Assemble in India
This article deals with ‘Assemble in India.’ This is part of our series on ‘Economics’ which is an important pillar of the GS-3 syllabus. For more articles, you can click here.
- Economic Survey (2020) points towards the fact that in just the five years 2001-2006, labour-intensive exports enabled China to create 70 million jobs for workers with just primary education.
- But now, firms are looking for alternatives because
- US-China trade war: The US has placed significant tariffs on products manufactured in China.
- Increase in wages in China.
- Companies have recognized the strategic vulnerability due to all supply chains concentrated in China.
Side Note: Network Product
- In modern production lines, the entire production is not done at a single place. Instead, different components are made at different locations and then integrated in some third place to make the final product. Such a final product is known as Network Product.
- Take the example of the iPhone.
Wild Geese Flying Model
- The pattern of entry, rise, survival, and the relative decline of countries in the export market for Network Products follows the “wild-geese flying model”.
- This process started with Japan which later moved to South Korea, Taiwan and China and so on.
- Japanese Companies (like Sony) first started to assemble Cameras, TVs, Walkman etc. When labour costs rose, they shifted their manufacturing to South Korea.
- Then South Korean Companies like Samsung and LG grew in the export of Network Products. After some time, due to cost issues, they outsourced their manufacturing to China and Taiwan.
- Hence, Network Goods assembly will continue to move from more advanced countries to less advanced countries. (CLICK HERE)
- Economic Survey believes that while Japan is in a declining stage, most countries, including China, have reached the inflexion point. India is at the right stage to take the place of China in the assembly of Network Products, thus providing us sufficient opportunity to grab.
Why India should focus on Network Products and Assemble in India?
- MNCs are moving away from China due to the trade war between China and US, along with rising wages in China. Hence, India should grab the opportunity to shift a large chunk of Assembly Lines from China to India.
- Network Products accounted for nearly 30 per cent of world exports in 2018. Although India has much potential, India lags in exporting Network Products. In 2018, Network Products exports accounted for 10% of India’s export basket, while these products accounted for about 50% of China, Japan, and Korea’s total national exports.
- Economic Survey (2020) suggests that by integrating “Assemble in India for the world” into Make in India, India can raise its export market share to about 3.5% by 2025 and 6% by 2030. In the process, India would create nearly 4 crore well-paid jobs by 2025 and about 8 crores by 2030.
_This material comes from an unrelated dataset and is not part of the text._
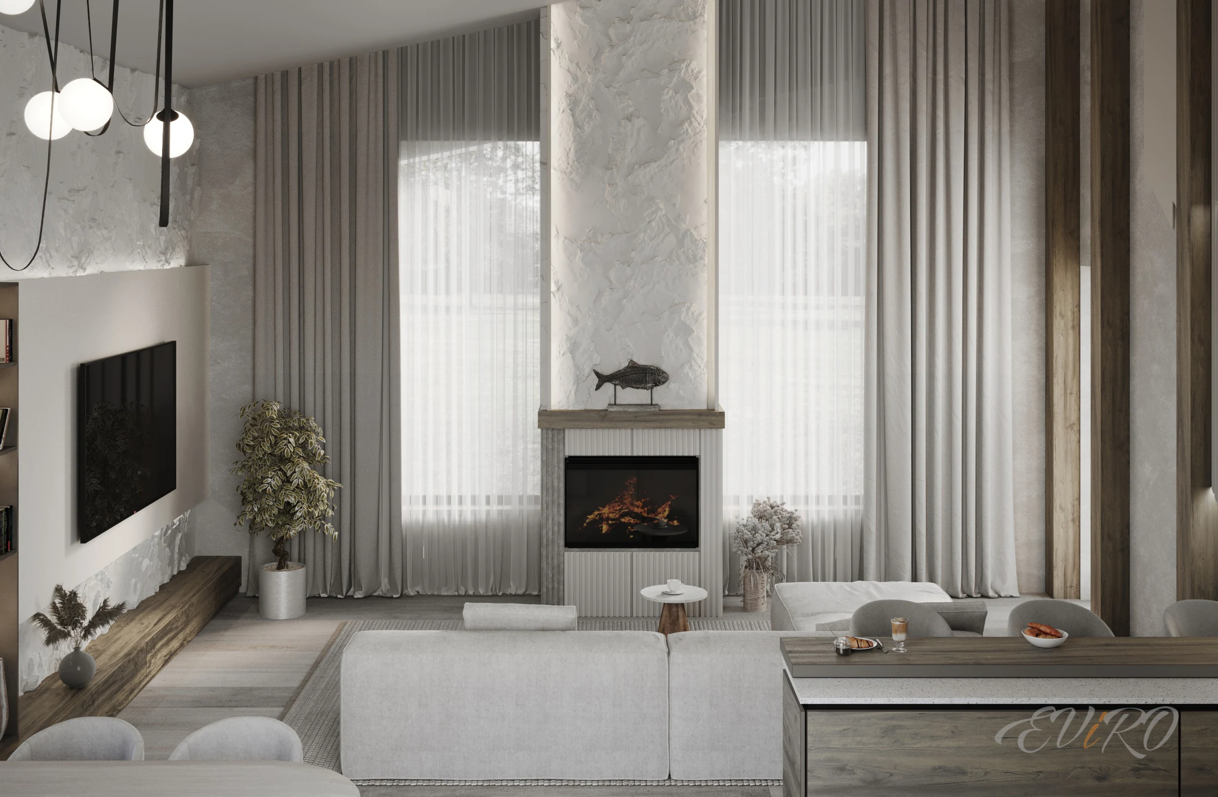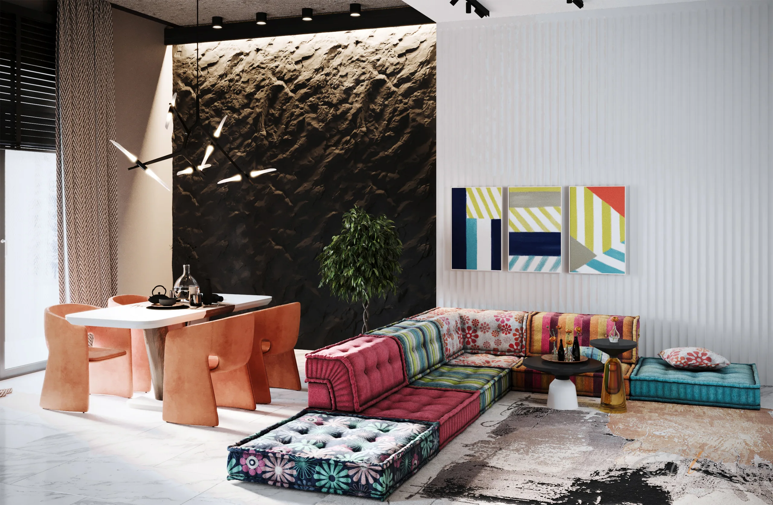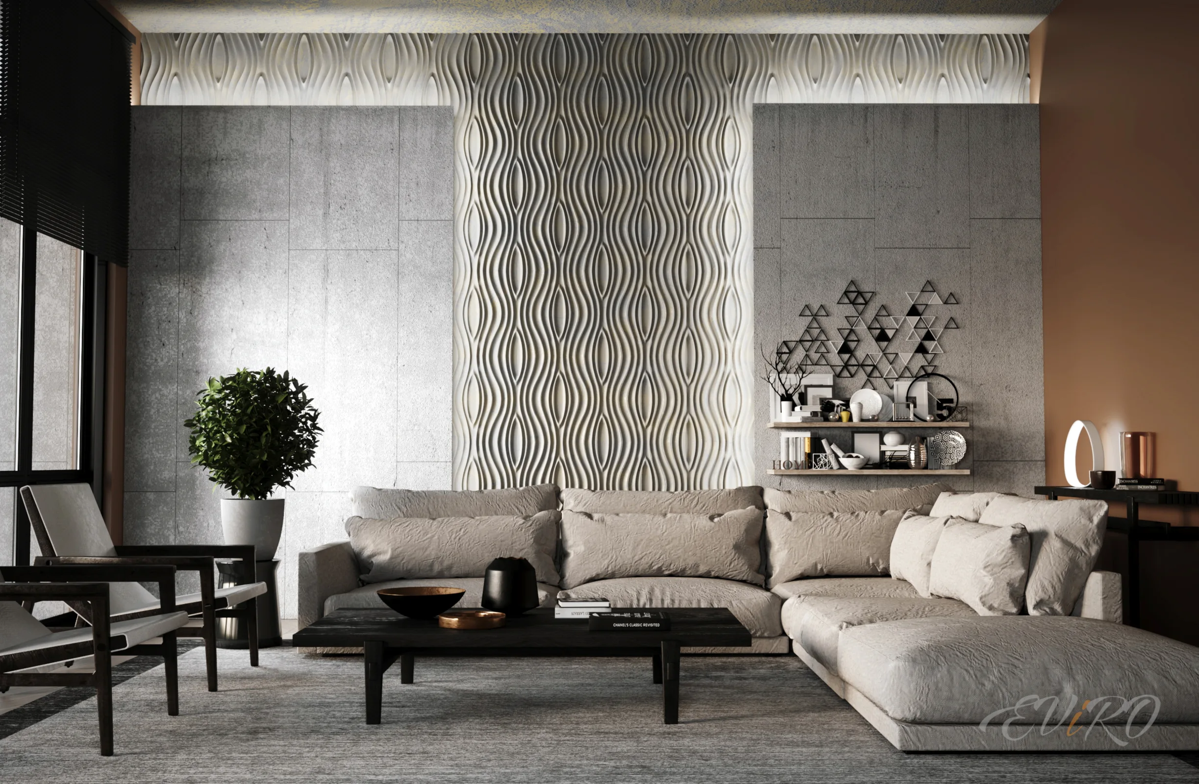 Вариант 2. Оформление зоны гостиной 3D панелями

- To attract MNCs to Assemble in India, India needs to
- Reform Taxation laws
- Reform Labour Laws
- Skill training of workers and mid-level supervisors.
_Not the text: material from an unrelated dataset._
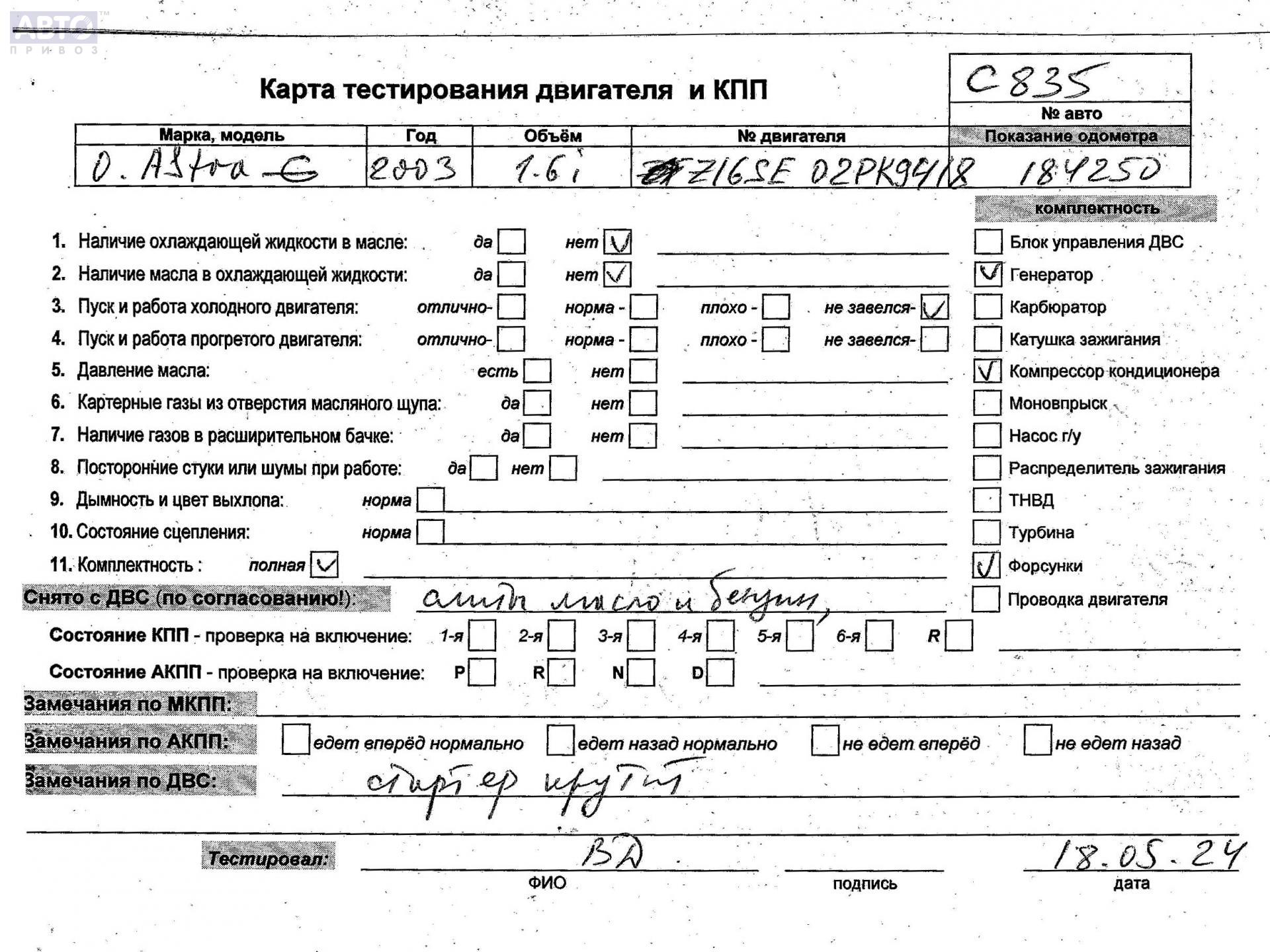 | Марка / Модель / Год: | Opel Astra G (1998-2004) 2003 |

- Invest heavily in infrastructure and create world-class roads, railways and ports.
- Sign a large number of Free Trade Agreements so that India becomes part of Global Value Chains
- While the short to medium-term objective is the large scale expansion of assembly activities by making use of imported parts & components, the long term objective should be giving a boost to domestic production of parts & components (and create global giants like Samsung developed in Korea and Xiaomi, Huawei etc. developed in China).